So you’ve probably already heard about it a billion times over, but yes, a team of researchers from the Pacific Shark Research Center and the California Academy of Sciences have identified a new ghost shark, publishing their findings in the September issue of Zootaxa. Named Hydrolagus melanophasma, (Hydrolagus the Latin term for ‘water rabbit’ and melanophasma the Latin term for ‘black ghost’) this Eastern Pacific black ghost shark had actually already been discovered as far back as 1947, as the preserved specimens kept at the Scripps Oceanographic Institute would indicate, but it wasn’t until a live individual was filmed off the coast of Southern California using the Monterey Bay Aquarium Research Institute ROV and compared to the museum specimens that the researchers realised the species had never been formerly identified.
This ghost shark, (which is actually not a shark but a cartilaginous type of fish called a chimaera, that as a group branched off from the shark lineage around 400 million years ago) has been generating a lot of attention because of its unique appearance and curious appendages. As is characteristic to male chimaeras, the large, blackish-purple Hydrolagus melanophasma has what scientists speculate are specific types of sex organs, or ‘tenacula,’ sprouting from its forehead, near its pelvis, and in front of its pelvic fins, which essentially look like little clubs covered with spikes. But while it has been suggested that these organs are used by the chimaera to assist with mating, their function is actually quite different from that of the penis, in that they are probably used by the male to grip on to the female, the pelvic tenacula acting as a funnel for the sperm as it is transferred to the female.
So of course while this whole “sex organ in the face” thing is pretty fascinating, I’m not so sure it’s particularly appropriate or sensitive to the Hydrolagus melanophasma’s feelings to be calling it “freaky” and “bizarre” all the time and making jokes of a sexual nature at his expense, especially since we’ve really only just met. And besides, I’m willing to bet that the Hydrolagus melanophasma has already had his fair share of ridicule, having grown up around a whole lot of sea creatures who don’t have sex organs in their faces, because, you know, kids can be pretty cruel about that kind of stuff.

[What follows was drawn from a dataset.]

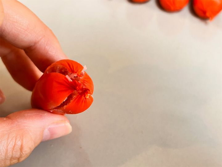 では、キッチンばさみを使ってタコの足を作っていきますよ~!

It probably started with a young Hydrolagus melanophasma having an awesome time playing Brandings or something in front of the spiny dogfish’s cave with a bunch of other primary school sea creatures. Then just when the umbrella crab is about to peg a rather large anemone kinda hard at him, the Hydrolagus melanophasma’s sex organ will accidentally start clasping idly at nothing in particular and the umbrella crab will be all, “Eww! Hydrolagus melanophasma has aliens coming out of his face! RUN!!” And poor Hydrolagus melanophasma will be super-embarrassed and confused, and will try hiding with a couple of wolf eels behind a sunken oil drum before getting squealed at and shoved away, because of his “gross alien germs,” and such.

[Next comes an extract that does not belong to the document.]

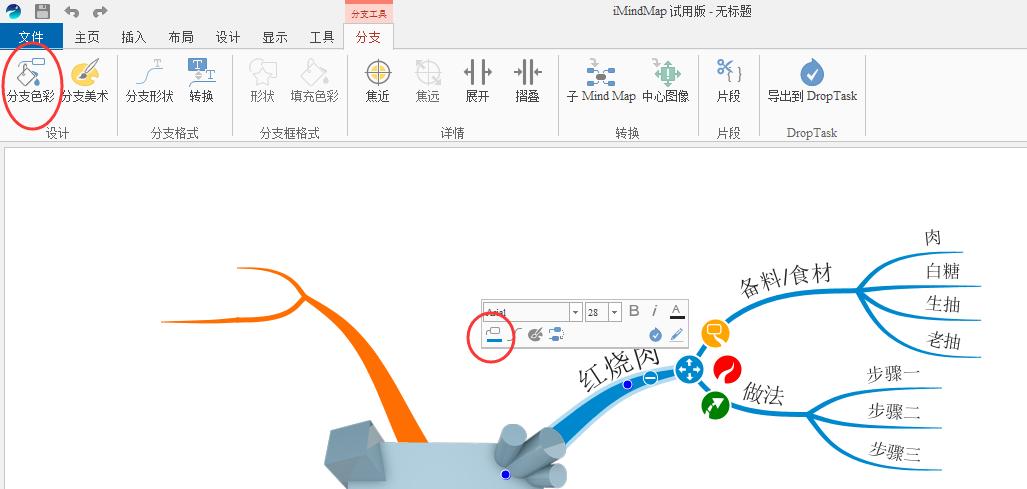 连接视觉和逻辑,颜色帮助大脑分类,强调,分析和识别更多以前未发现的联系。在iMindMap中,我们每次添加一个分支,它的颜色都不一样。选择分支,在打开的分支工具栏和工具窗口中,我们可以使用相应的颜色工具来调整分支颜色。

So the Hydrolagus melanophasma will go home to ask his parents if he really does have aliens coming out of his face, and Mum and Dad Hydrolagus melanophasma will briefly whisper something to each other, coming to the conclusion that he’s probably old enough to have “The Talk.” So they’ll sit him down after dinner, mention something about genitals and love, and then inexplicably start blowing whatever the fish version of a condom is up like a balloon. The young Hydrolagus melanophasma will ask what that was supposed to teach him about responsible reproduction, but his dad will tell him not to be smart and The Talk’s over so go watch some cartoons or something.

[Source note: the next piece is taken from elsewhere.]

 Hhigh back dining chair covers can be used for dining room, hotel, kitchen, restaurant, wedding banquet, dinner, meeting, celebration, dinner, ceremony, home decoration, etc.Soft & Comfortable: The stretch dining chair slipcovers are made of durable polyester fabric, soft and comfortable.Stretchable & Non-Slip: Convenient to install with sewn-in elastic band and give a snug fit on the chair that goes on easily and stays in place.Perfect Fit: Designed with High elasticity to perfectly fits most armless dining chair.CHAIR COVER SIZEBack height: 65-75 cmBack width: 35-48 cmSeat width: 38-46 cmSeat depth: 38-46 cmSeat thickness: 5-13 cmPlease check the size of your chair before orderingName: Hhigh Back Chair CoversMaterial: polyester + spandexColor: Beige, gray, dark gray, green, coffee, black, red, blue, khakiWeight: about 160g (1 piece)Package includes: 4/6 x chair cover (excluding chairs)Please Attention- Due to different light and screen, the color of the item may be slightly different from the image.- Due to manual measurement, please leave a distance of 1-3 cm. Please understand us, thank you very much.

But soon enough the kids at school will also work out what his face aliens actually are, and this will unfortunately coincide with the exact moment that they discover the joy of the “comeback phrase.” The Hydrolagus melanophasma would be in the canteen line quietly discussing an upcoming chemistry exam with one of the sleeper sharks in his class, and how that video of atoms making out on the dance floor at a disco probably wasn’t as much help as it should have been because instead of learning anything important he spent the whole time wondering how the cartoon was going to successfully carry the metaphor all the way to covalent bonding if the atoms didn’t actually have any genitals, when a heckler from the hungry throng will be all, “Your FACE is a genital!!” And much to the Hydrolagus melanophasma’s mortification, the rest of the sea creatures in the queue will burst into fits of cruel laughter and somebody else will add, “That’s what she said!!” and “I’ll show YOU my genitals!!”
And the Hydrolagus melanophasma will be all, “Whatever, dickheads,” but this will only make the raucous a billion times worse as everyone struggles for enough breath to be the first to manage a spirited, “I know you are, but what am I?!”
The increasingly upset and frustrated Hydrolagus melanophasma will at this stage probably lose it, and start informing everyone that it’s not even a penis, it’s just a clasper, but he won’t make it much further than that before someone cuts in with another, “That’s what she said!!”
And the first thing we all do when we find him is call him a freak. Nice one, guys. Way to make a positive first impression. Jesus.